There are many facets to consider in the implementation of even the most basic Software Configuration Management (SCM). For Java, with its import mechanism, these simple goals often become unmanageable when the source code tree grows beyond a certain point of complexity. This is mainly due to the reticulate interdependencies that arise within the source code tree as it evolves. Also, because code is seldom (if ever) retired, the codebase continues to grow, causing this network to become increasingly complicated over time.

In this article I would like to explore both the evolution of the typical Java source code tree as well as articulate the underlying relationships that make even basic Java SCM problematic. I will also suggest a simple way to manage source code relationships to meet basic SCM goals.

Understanding these topics will allow Java development shops to begin implementing simple, yet effective SCM systems that balance requisite process with unencumbered development, testing, and operational deployment.

By requisite process I mean staying just a couple steps ahead of SCM-related firefighting while remaining unencumbered by laborious and/or unnecessary processes.
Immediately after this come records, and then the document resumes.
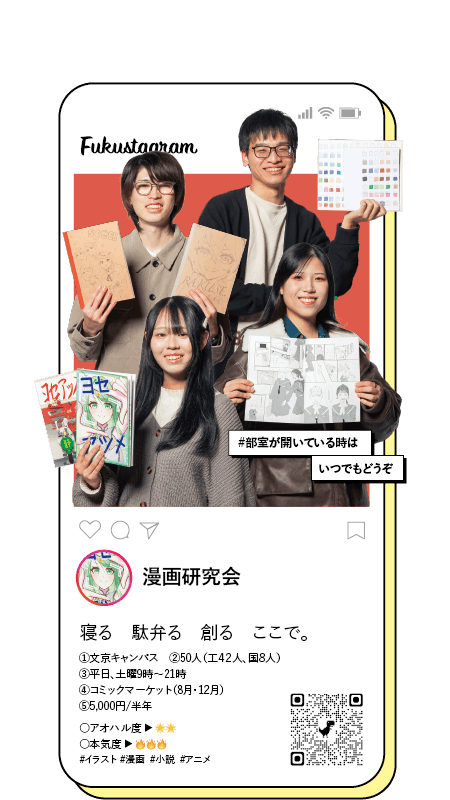①文京キャンパス ②50人(工42人、国8人) ③平日、土曜9時〜21時 ④コミックマーケット(8月・12月) ⑤5,000円/半年 ○アオハル度 ▶ 🌟🌟 ○本気度 ▶ 🔥🔥🔥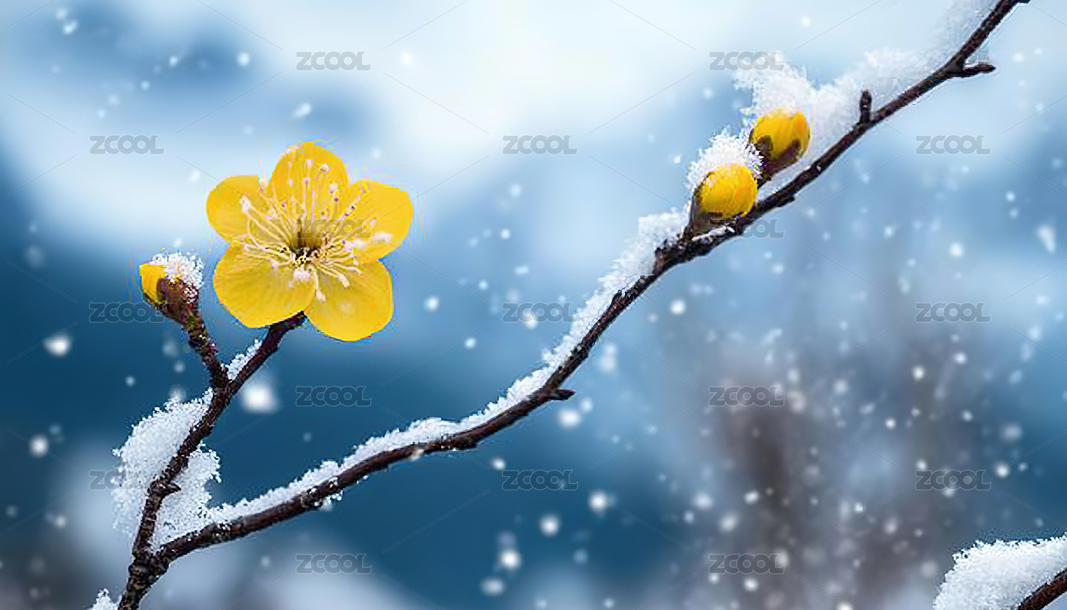 雪枝上腊梅绽放的清新雅致冬日花卉画面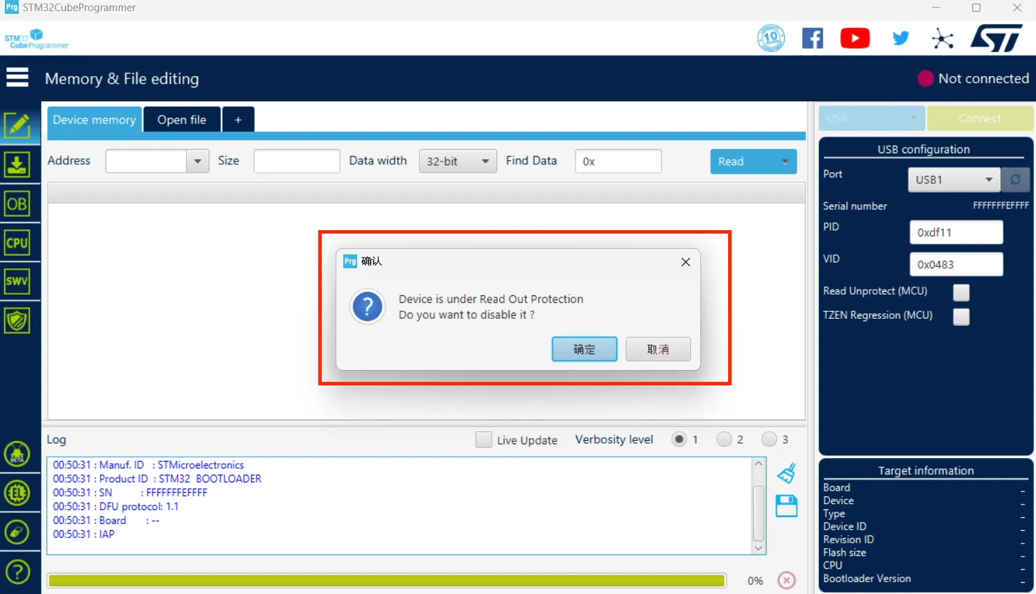 5. STM32CubeProgrammer中选择USB模式,并刷新,连接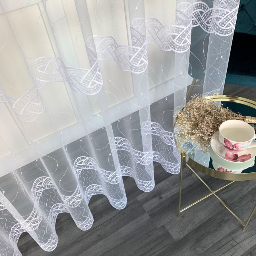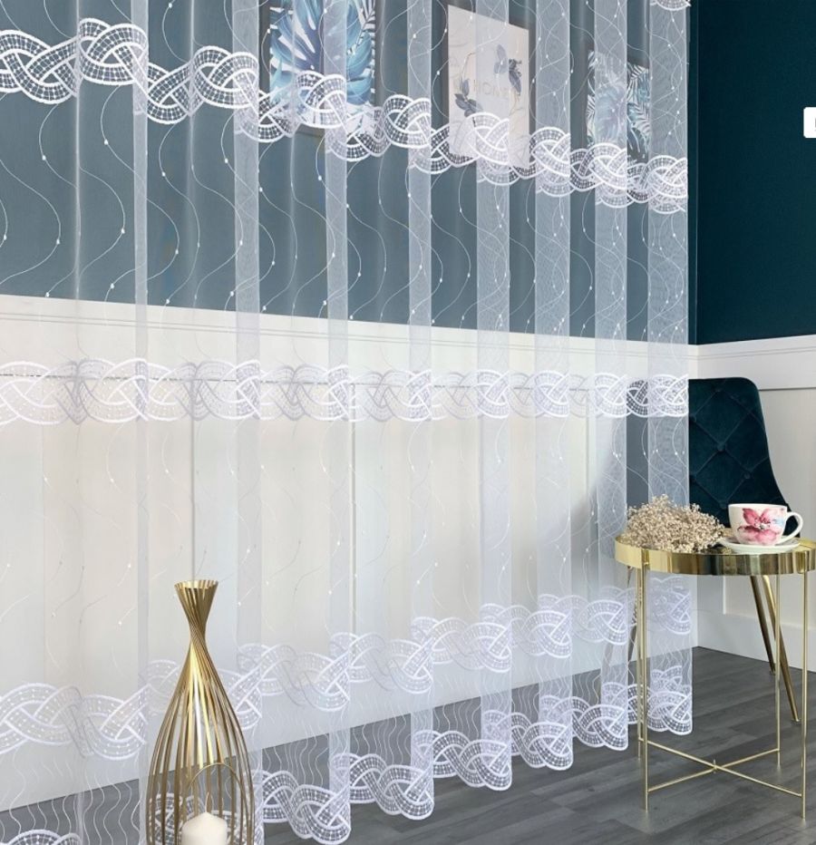 Firana Haftowana Białą Nicią. Dekoracja okienna uszyta na taśmie marszczącej, gotowa do zawieszenia uszyta. Firana z markizety tiulu bardzo dobrej jakościowo. Łatwa w utrzymaniu. Wzory na firanie haftowane białą nicią. Prać w pralce do 40 C w worku do prania firan. Nie wymaga prasowania po praniu można wieszać na wilgotno. Skracanie Firan. Opłata za skrócenie tej firany 7 zł za 1 metr szerokości. W trakcie zamawiania proszę kliknąć pole „Serwis” i wybrać „skracanie Firany” Proszę w czasie zamówienia wpisać w polu komentarz na ile ma zostać skrócona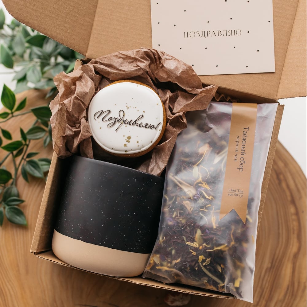 Что внутри? - кружка 400 мл; - чай "Таежный сбор"; - пряник ручной работы; - открытка Набор оформлен в крафтовой коробочке 16*16 с атласной лентой. Подарочный пакет в комплекте!

Some Simple Goals of Java SCM

I'd like to articulate what I consider to be simple goals of SCM, as well as why these become so difficult to achieve so early on in the development life-cycle. The primary areas of interest are:

Maintaining source code under revision control
Managing code dependencies and third-party library dependencies
Managing builds and build dependencies
Managing dependencies on third-party JARs

Beyond a certain range of complexity (usually a few hundred total source files depending on the skill of your developers and how quickly they're being asked to churn out code), the reticulate interdependencies within the code are unable to be unwrapped. This is to say that the large number of interdependencies introduced by import statements cause artificial dependencies when trying to add features, build, branch, release, and test your code.

More specifically:

Building a sub-tree causes the compilation of every source code file in your source tree due to circular dependencies. This results in extremely lengthy build times (O[several hours] for some projects I've seen).
No source code is free to move along under it's own development cycle, meaning, you might need to build a sub-branch N times per day, and another only M times per month, but because they have import interdependencies, they are both built at the maximum (required) rate.
Branching and merging is extremely time-consuming and complex and can introduce significant developer downtime, mostly due to the large number of source files that must be considered.
Releasing code to operations is very difficult, as you have to push every Java class file upon release.
Testing is more difficult, if not impossible, since it is more difficult to isolate sub-branches of code to understand their functionality. It is also more difficult to write a testing harness for a subbranch (e.g.: using JUnit).

Most current source code management tools deal with navigating source hierarchies and finding objects and methods. These are great problems to solve, but not ones that we're primarily interested in solving (JavaDeps comes relatively close in that it helps to discover some compilation dependencies that go unnoticed by some compilers).

Similarly, many revision control systems (RCS) provide check-in, check-out, branch and merge capability, but none address source code tree structure and how to manage the requisite dependencies involved.

Target Audience

The target audience is developers, testers, and operational support staff who are interested in taking the necessary steps to actively manage their Java-based projects in terms of building source code for test and operational deployment, developing multiple versions of a product or service in parallel, and replicating operational, test, and development environments to reproduce unexpected behavior and fix bugs.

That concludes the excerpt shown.